[DATA SUPPLIED]
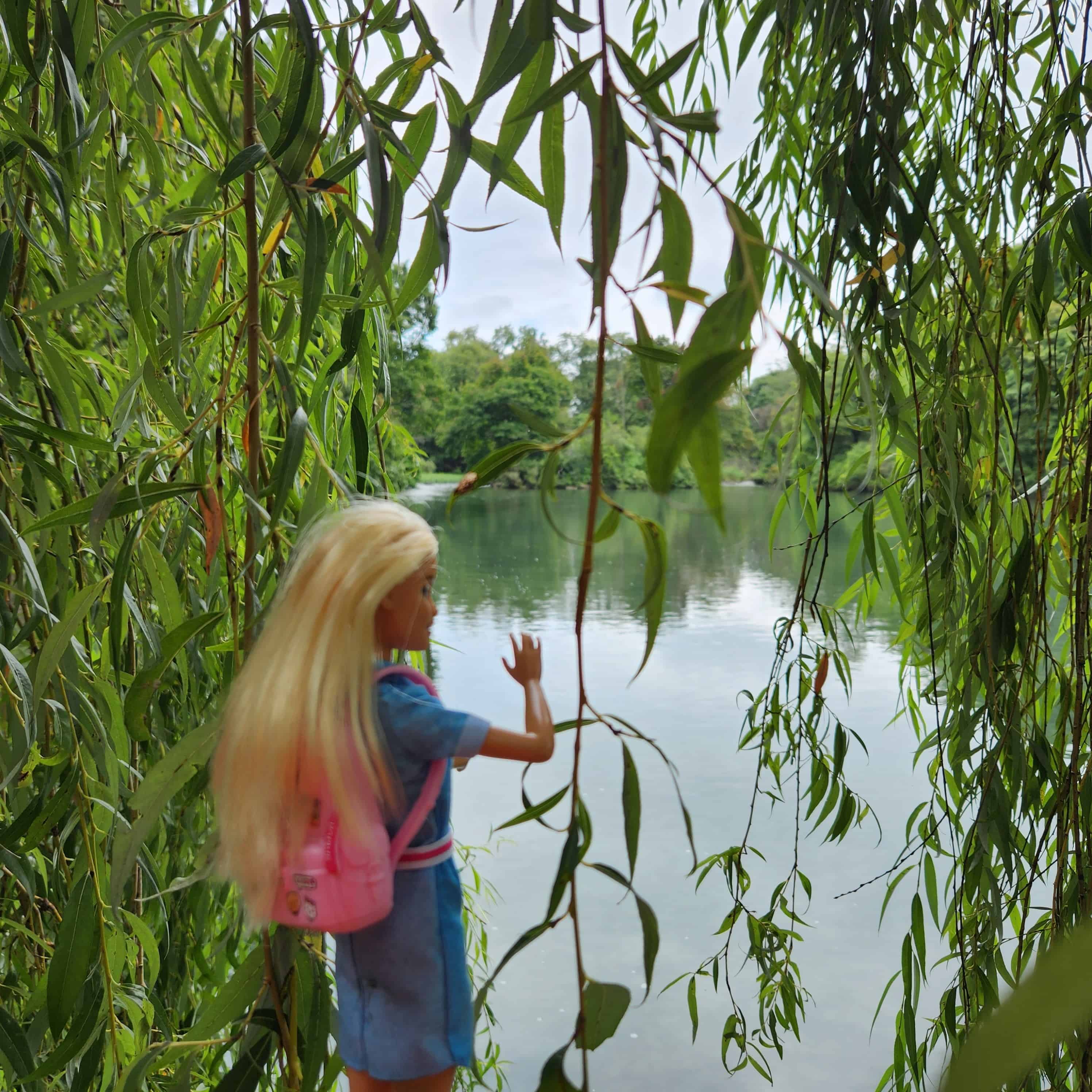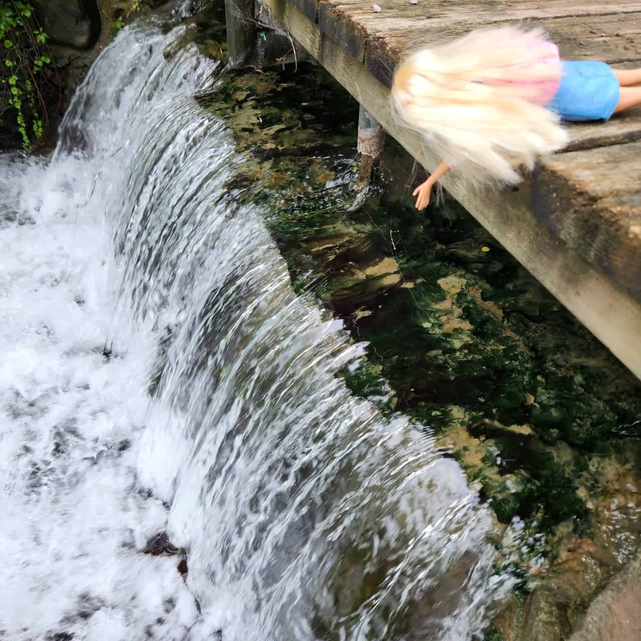 Barbie playing around in Niagara Falls, trying to reach for the mini falls while found on a hike
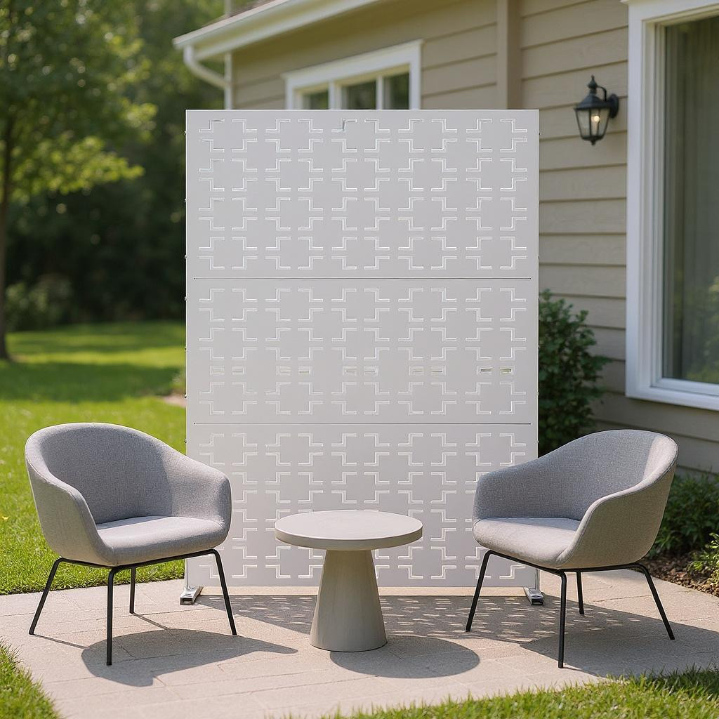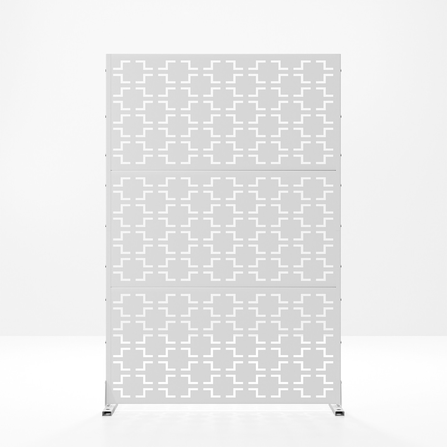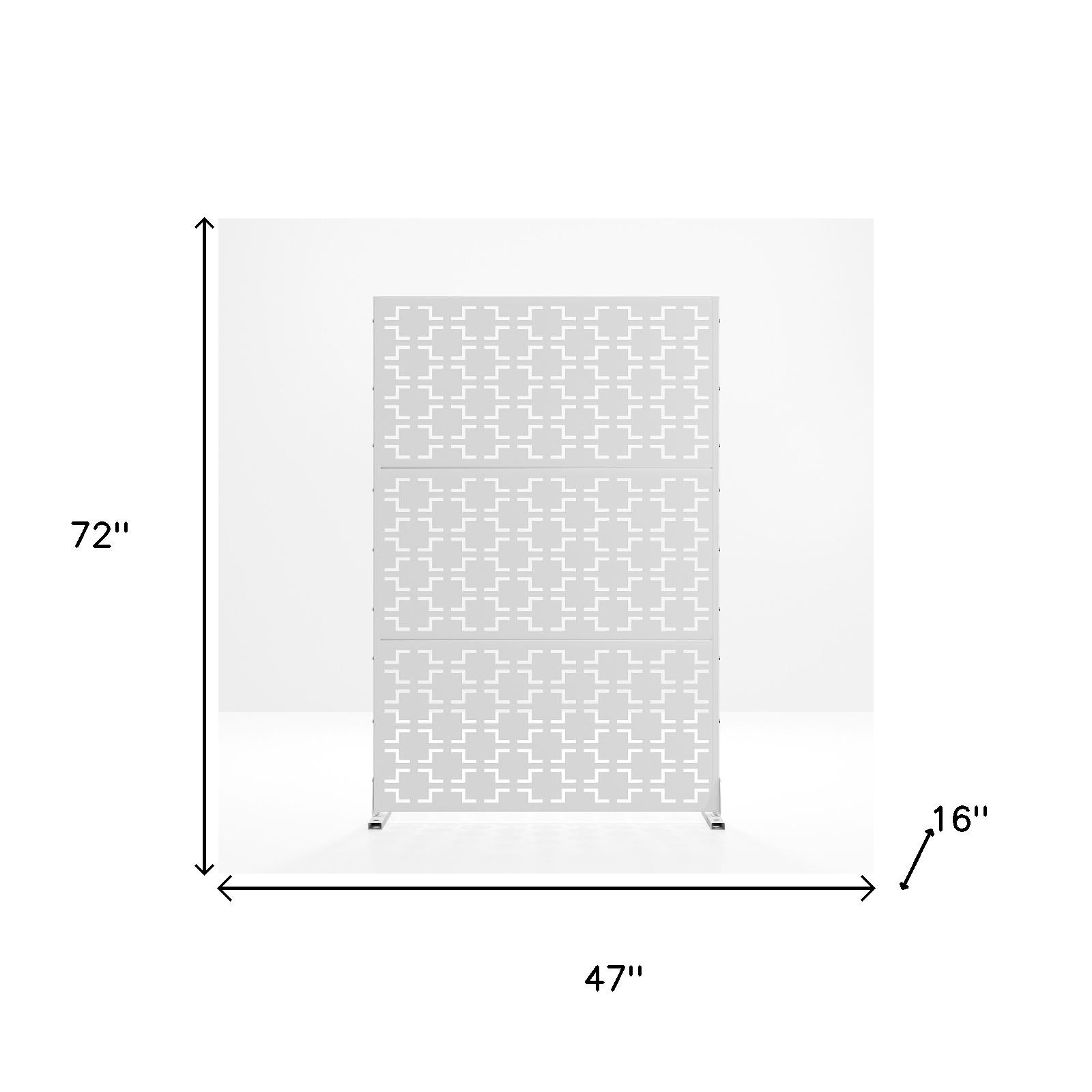 The 72-inch white steel three panel screen room divider is a stylish solution for creating privacy in your space. Crafted from durable steel, its sturdy frame ensures long-lasting use both indoors and outdoors. The opaque screen material provides an effective barrier while maintaining a sleek design. Each panel features a consistent finish, with the reverse side mirroring the front for a polished look from any angle. With three panels, this versatile room divider can easily adapt to various layouts, making it perfect for defining areas in open spaces. Whether you need to partition a room or enhance your decor, this room divider offers functionality and modern aesthetic appeal. 72.00-inch h x 47.00-inch w x 16.00-inch d.
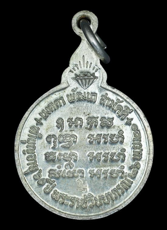 เหรียญกลม เมตตา พัฒนา สามัคคี หลวงปู่แหวน สุจิณโณ วัดเจดีย์หลวง จ.เชียงใหม่ ปี 2520 เนื้อเงิน ตอกโค๊ด
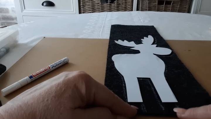Найдите в Интернете заготовки оленя, ёлки и других фигурок, которые считаете новогодними. Перенесите на бумагу, вырежьте. Теперь подготовьте фетр и деревянные палочки. Можно покрасить низ палочки акриловой краской.
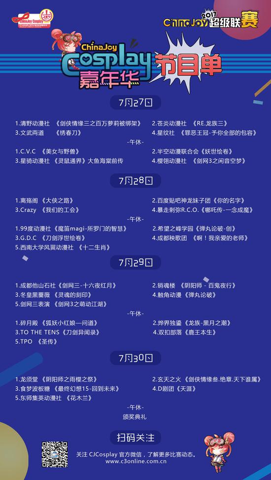 官方微信号码:CJ_Cosplay(或搜索“CJCosplay嘉年华”)
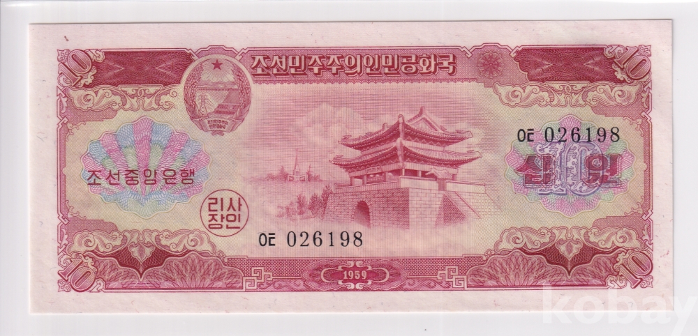 - 1959년 2차 오리지널 투문 10원 미사용 지폐 소련(현 러시아)인쇄 입니다.
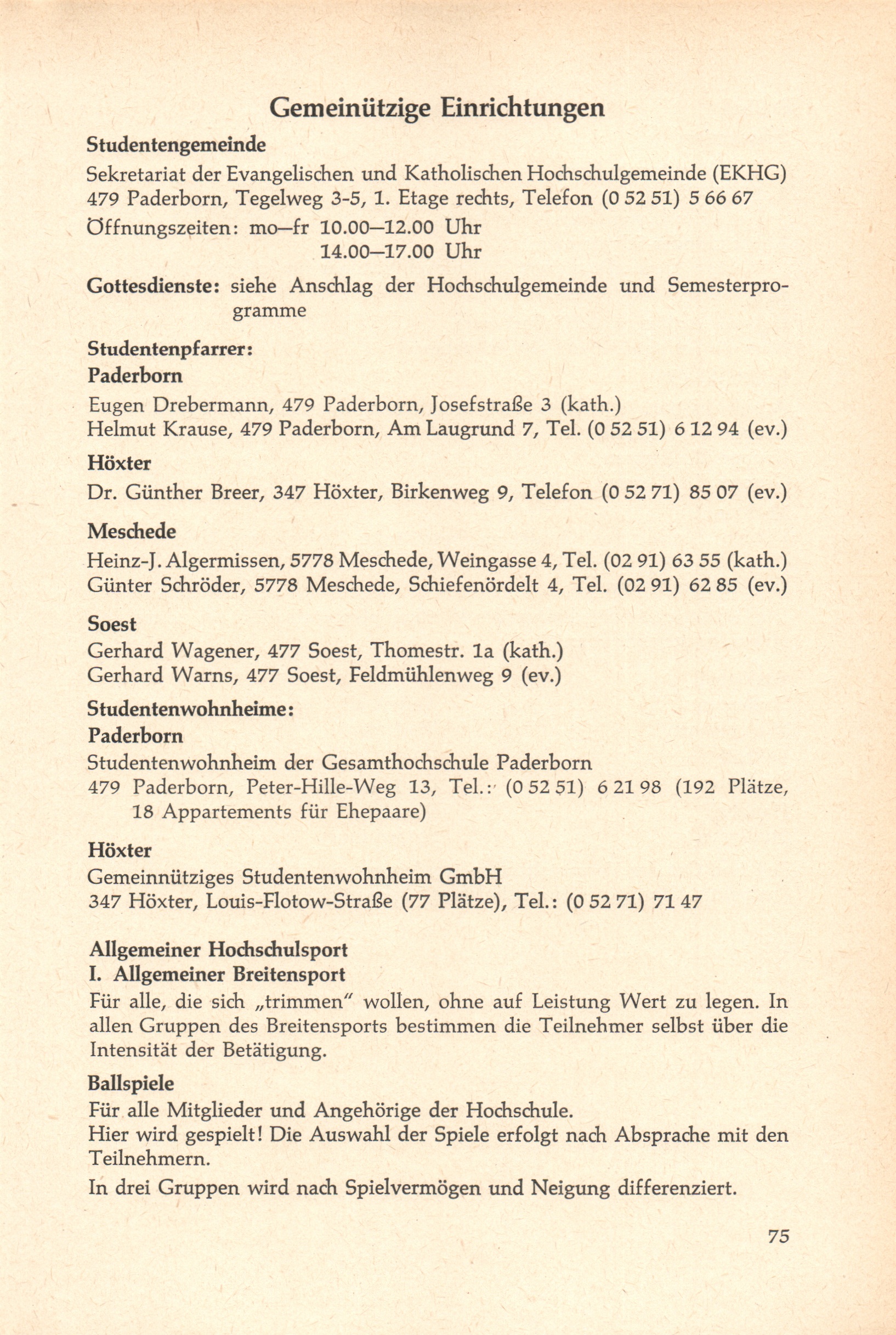 Personal- und Vorlesungsverzeichnis für die Gesamthochschule Paderborn
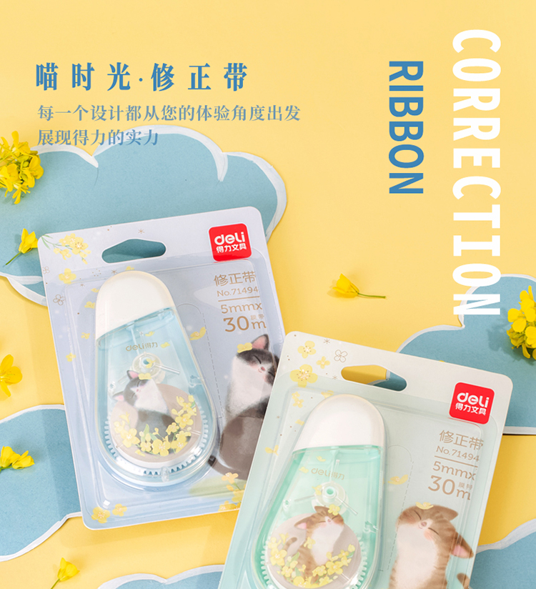 得力71494修正带 5mmx30m膜带 喵时光 颜色随机(单位:卡)

[WHAT IS REQUIRED]
Give every record again word for word, pictures excluded.

[WRITTEN REPLY]
 Barbie playing around in Niagara Falls, trying to reach for the mini falls while found on a hike
 The 72-inch white steel three panel screen room divider is a stylish solution for creating privacy in your space. Crafted from durable steel, its sturdy frame ensures long-lasting use both indoors and outdoors. The opaque screen material provides an effective barrier while maintaining a sleek design. Each panel features a consistent finish, with the reverse side mirroring the front for a polished look from any angle. With three panels, this versatile room divider can easily adapt to various layouts, making it perfect for defining areas in open spaces. Whether you need to partition a room or enhance your decor, this room divider offers functionality and modern aesthetic appeal. 72.00-inch h x 47.00-inch w x 16.00-inch d.
 เหรียญกลม เมตตา พัฒนา สามัคคี หลวงปู่แหวน สุจิณโณ วัดเจดีย์หลวง จ.เชียงใหม่ ปี 2520 เนื้อเงิน ตอกโค๊ด
Найдите в Интернете заготовки оленя, ёлки и других фигурок, которые считаете новогодними. Перенесите на бумагу, вырежьте. Теперь подготовьте фетр и деревянные палочки. Можно покрасить низ палочки акриловой краской.
 官方微信号码:CJ_Cosplay(或搜索“CJCosplay嘉年华”)
 - 1959년 2차 오리지널 투문 10원 미사용 지폐 소련(현 러시아)인쇄 입니다.
 Personal- und Vorlesungsverzeichnis für die Gesamthochschule Paderborn
 得力71494修正带 5mmx30m膜带 喵时光 颜色随机(单位:卡)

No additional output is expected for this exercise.